#### [DATASET]
-----
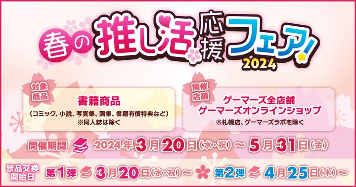 2024年3月20日から5月31日に開催される『春の推し活応援フェア!2024』は、ゲーマーズ全店舗とオンラインショップで行われる書籍フェアです。
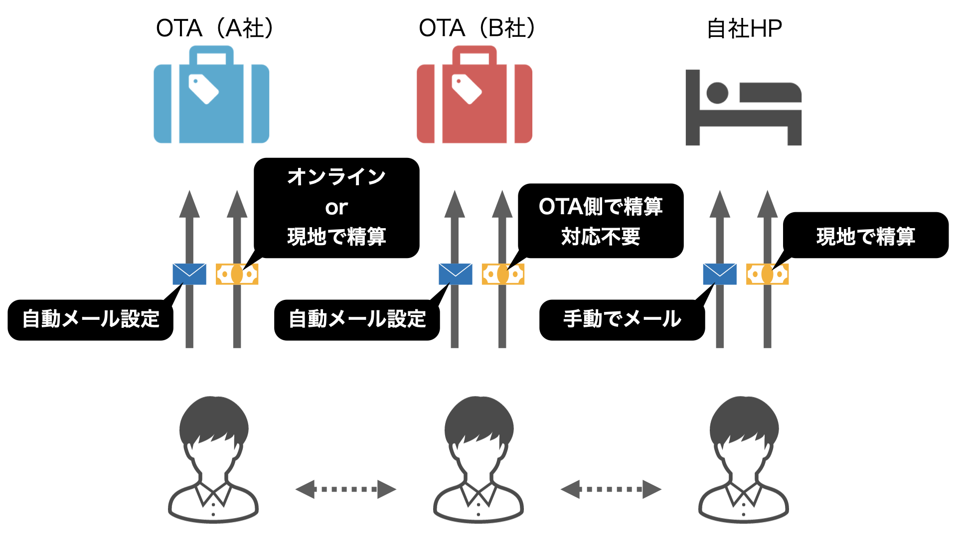 - OTA、自社HPそれぞれで異なる対応が必要
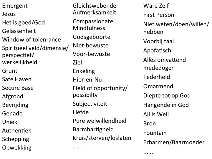 Ik moet natuurlijk heel nuchter beginnen. In de allereerste plaats is dit ‘midden’ het domein van de prefrontale cortex. Dat is het deel van onze hersenen welke een cruciale rol speelt in onze emotionele huishouding en zelf-bewustzijn. natuurlijk moet ik hierbij ook de rechterhersenhelft als ‘woonplaats’ van het impliciete zelf. Zij maakt vooral gebruik van ‘beelden’ en niet van ‘taal’. Je zou het de cockpit kunnen noemen van waaruit wij mentaliseren en onze emoties reguleren. De eerste drie jaar van onze ontwikkeling en later in de puberteit krijgt dit deel zijn grootte, vorm en functie. 41Q6-WBFjML._SX331_BO1,204,203,200_Stress en hechtingsproblemen hebben in die periodes (inclusief de zwangerschap) een desastreuze invloed op de ontwikkeling daarvan. Hier hebben we het ook over het ‘onbewuste impliciete zelf’ welke huist in de rechterhersenhelft. Er is op dit moment een zeer belangrijke stroming  die de psychotherapie een sleutelrol toebedeeld in het herstel van die innerlijke huishouding/zelfregulering. In een heel groot deel van de psychopathologische aandoening speelt dit deel (rechterhersenhelft en de prefrontale cortex) van de hersenen namelijk een sleutelrol in het ontstaan en herstel daarvan. Als ik dus in dit blog allerlei religieuze metaforen een rol laat spelen moeten zij 9200000005537338essentieel zijn of in ieder geval een substantieel bijdrage leveren aan het herstel van dit fenomeen. Ja, ik geloof dat religie, als het goed is, een positieve bijdrage levert aan heelwording van de mens maar dat is verre van vanzelfsprekend. Overigens bevind zich hier de essentiële bijdrage van mindfulness / awareness aan de heelwording van de mens. Die acht ik inmiddels meer dan voldoende bewezen. Dat betekent dat alle onderstaande bijdragen ook een beetje mindful zullen moeten zijn.
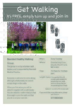Bearsted Healthy Walking Group meets every Tuesday at Holy Cross Church at 1015 for a 1030 start. We offer a short walk around 45 minute and a longer one, around 75 to 90 minutes. Everyone is welcome although unfortunately we do not accept dogs on the walks. Just turn up or if you need further information ring Chris on 07738835302. b.patientparticipation@nhs.net
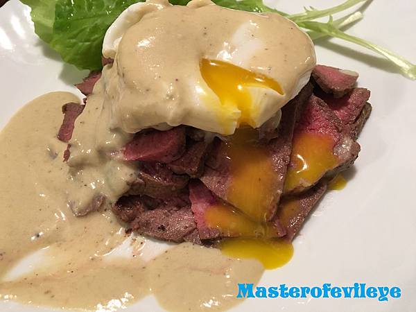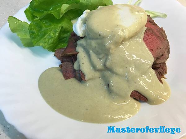 擺上煮好的水波蛋,淋上過濾的奶油白醬,魅惑的烤牛肉就完成了![]()
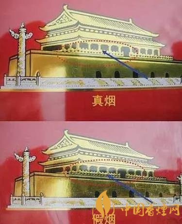 1、條盒正面“中華”兩字及天安門商標(biāo)紙印刷是辨別真假的重點(diǎn),真煙與假煙有明顯的區(qū)別。
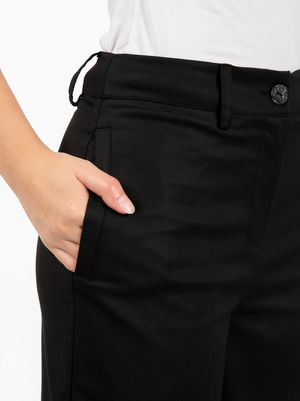 Vita alta, chiusura con zip e bottone.
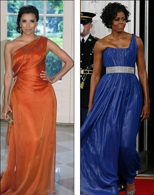 中新网5月20日电 据外媒报道,美国白宫19日举办国宴,款待墨西哥总统卡尔德龙夫妇。此间美国第一夫人的穿衣打扮再被媒体拿出来品头论足。不幸的是,这次米歇尔•奥巴马竟然与“绝望主妇”伊娃•朗格利亚大撞衫,颇为尴尬!
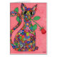 Diese schöne Katze sitzt vor einem sanften rosa Hintergrund und zeigt ihre aufwändigen, ungewöhnlichen Markierungen, ähnlich denen, die man auf Millefiori Perlen und Glas findet. In ihrem Mund hält sie eine Single-rote Rose, in diesem einzigartigen, aufregenden und hochdetaillierten Design.
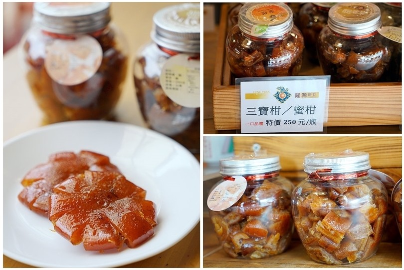 ▼此外也有最新產品蜜糖桶柑,桶柑也是在地非常盛產的農產品,為了不浪費食材、發揚光大,所以店家特別選用桶柑來做為蜜餞跟果醬使用!
-----
Retype the records exactly, but skip the pictures.

 2024年3月20日から5月31日に開催される『春の推し活応援フェア!2024』は、ゲーマーズ全店舗とオンラインショップで行われる書籍フェアです。
 - OTA、自社HPそれぞれで異なる対応が必要
 Ik moet natuurlijk heel nuchter beginnen. In de allereerste plaats is dit ‘midden’ het domein van de prefrontale cortex. Dat is het deel van onze hersenen welke een cruciale rol speelt in onze emotionele huishouding en zelf-bewustzijn. natuurlijk moet ik hierbij ook de rechterhersenhelft als ‘woonplaats’ van het impliciete zelf. Zij maakt vooral gebruik van ‘beelden’ en niet van ‘taal’. Je zou het de cockpit kunnen noemen van waaruit wij mentaliseren en onze emoties reguleren. De eerste drie jaar van onze ontwikkeling en later in de puberteit krijgt dit deel zijn grootte, vorm en functie. 41Q6-WBFjML._SX331_BO1,204,203,200_Stress en hechtingsproblemen hebben in die periodes (inclusief de zwangerschap) een desastreuze invloed op de ontwikkeling daarvan. Hier hebben we het ook over het ‘onbewuste impliciete zelf’ welke huist in de rechterhersenhelft. Er is op dit moment een zeer belangrijke stroming  die de psychotherapie een sleutelrol toebedeeld in het herstel van die innerlijke huishouding/zelfregulering. In een heel groot deel van de psychopathologische aandoening speelt dit deel (rechterhersenhelft en de prefrontale cortex) van de hersenen namelijk een sleutelrol in het ontstaan en herstel daarvan. Als ik dus in dit blog allerlei religieuze metaforen een rol laat spelen moeten zij 9200000005537338essentieel zijn of in ieder geval een substantieel bijdrage leveren aan het herstel van dit fenomeen. Ja, ik geloof dat religie, als het goed is, een positieve bijdrage levert aan heelwording van de mens maar dat is verre van vanzelfsprekend. Overigens bevind zich hier de essentiële bijdrage van mindfulness / awareness aan de heelwording van de mens. Die acht ik inmiddels meer dan voldoende bewezen. Dat betekent dat alle onderstaande bijdragen ook een beetje mindful zullen moeten zijn.
Bearsted Healthy Walking Group meets every Tuesday at Holy Cross Church at 1015 for a 1030 start. We offer a short walk around 45 minute and a longer one, around 75 to 90 minutes. Everyone is welcome although unfortunately we do not accept dogs on the walks. Just turn up or if you need further information ring Chris on 07738835302. b.patientparticipation@nhs.net
 擺上煮好的水波蛋,淋上過濾的奶油白醬,魅惑的烤牛肉就完成了![]()
 1、條盒正面“中華”兩字及天安門商標(biāo)紙印刷是辨別真假的重點(diǎn),真煙與假煙有明顯的區(qū)別。
 Vita alta, chiusura con zip e bottone.
 中新网5月20日电 据外媒报道,美国白宫19日举办国宴,款待墨西哥总统卡尔德龙夫妇。此间美国第一夫人的穿衣打扮再被媒体拿出来品头论足。不幸的是,这次米歇尔•奥巴马竟然与“绝望主妇”伊娃•朗格利亚大撞衫,颇为尴尬!
 Diese schöne Katze sitzt vor einem sanften rosa Hintergrund und zeigt ihre aufwändigen, ungewöhnlichen Markierungen, ähnlich denen, die man auf Millefiori Perlen und Glas findet. In ihrem Mund hält sie eine Single-rote Rose, in diesem einzigartigen, aufregenden und hochdetaillierten Design.
 ▼此外也有最新產品蜜糖桶柑,桶柑也是在地非常盛產的農產品,為了不浪費食材、發揚光大,所以店家特別選用桶柑來做為蜜餞跟果醬使用!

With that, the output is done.